# [What is being asked]
Would you please repeat, word for word, only the lines from the one holding "男性向けラノベタイトル風あだ名 | 『ムラセサヨスレイヤー』 |" through the one holding "Pour Decisions Everyday" in the material below, without the pictures?

# [Data section]
==*==

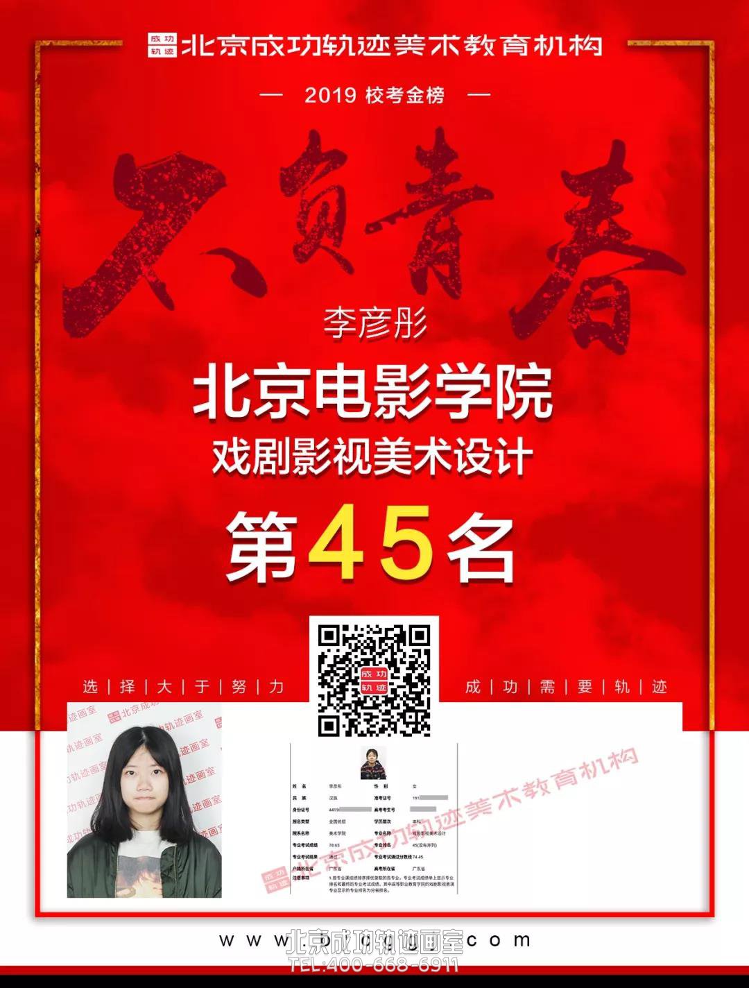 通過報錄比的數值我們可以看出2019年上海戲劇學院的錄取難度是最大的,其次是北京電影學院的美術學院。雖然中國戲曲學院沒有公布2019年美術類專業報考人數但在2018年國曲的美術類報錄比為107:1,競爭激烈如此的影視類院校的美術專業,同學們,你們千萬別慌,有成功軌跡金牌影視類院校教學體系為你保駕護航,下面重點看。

==*==

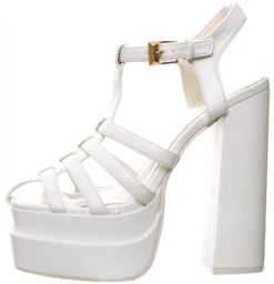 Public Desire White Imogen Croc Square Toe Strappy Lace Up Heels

==*==

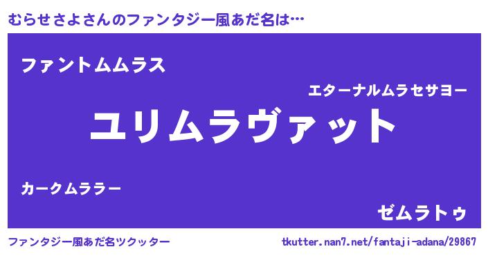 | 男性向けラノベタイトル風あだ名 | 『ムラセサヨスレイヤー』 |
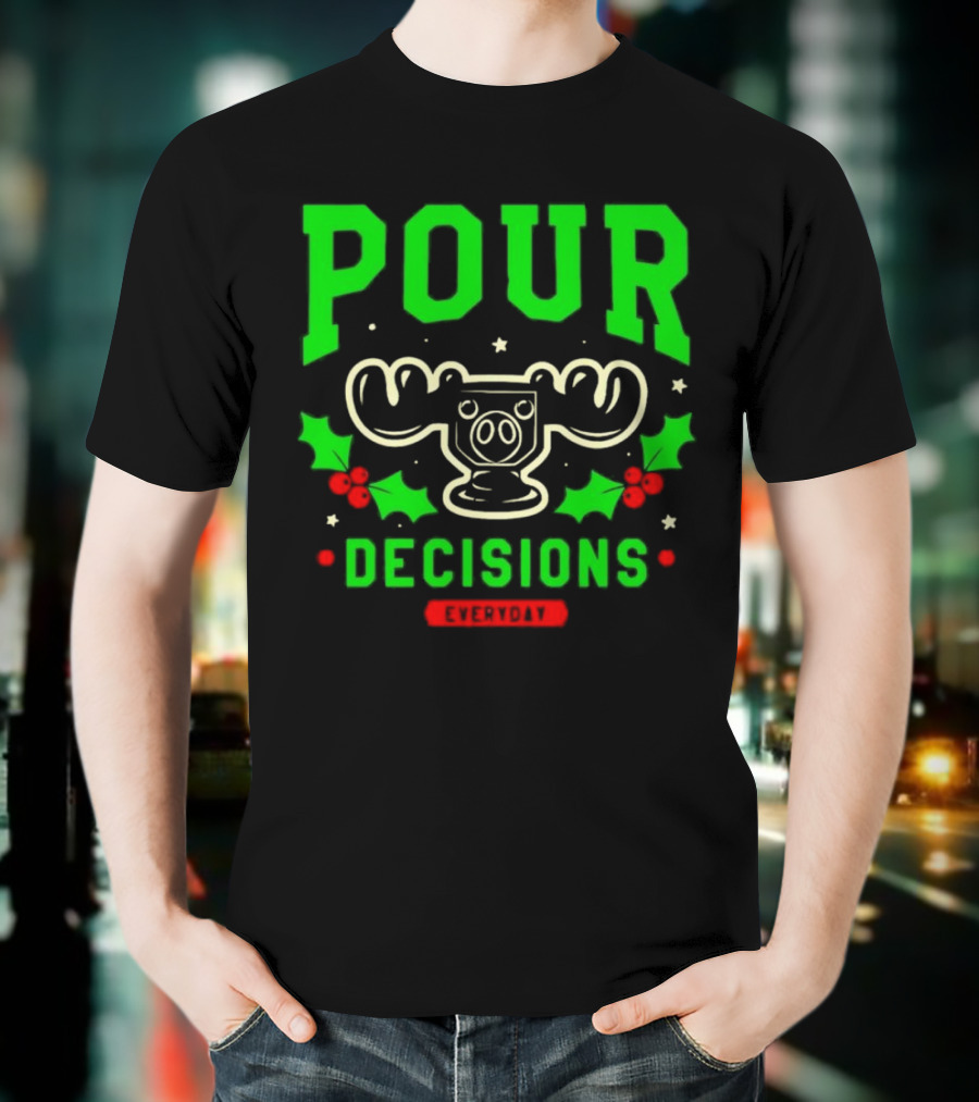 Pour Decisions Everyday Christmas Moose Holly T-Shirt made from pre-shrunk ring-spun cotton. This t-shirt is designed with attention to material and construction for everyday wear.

==*==

# [Result for this exercise]
 | 男性向けラノベタイトル風あだ名 | 『ムラセサヨスレイヤー』 |
 Pour Decisions Everyday Christmas Moose Holly T-Shirt made from pre-shrunk ring-spun cotton. This t-shirt is designed with attention to material and construction for everyday wear.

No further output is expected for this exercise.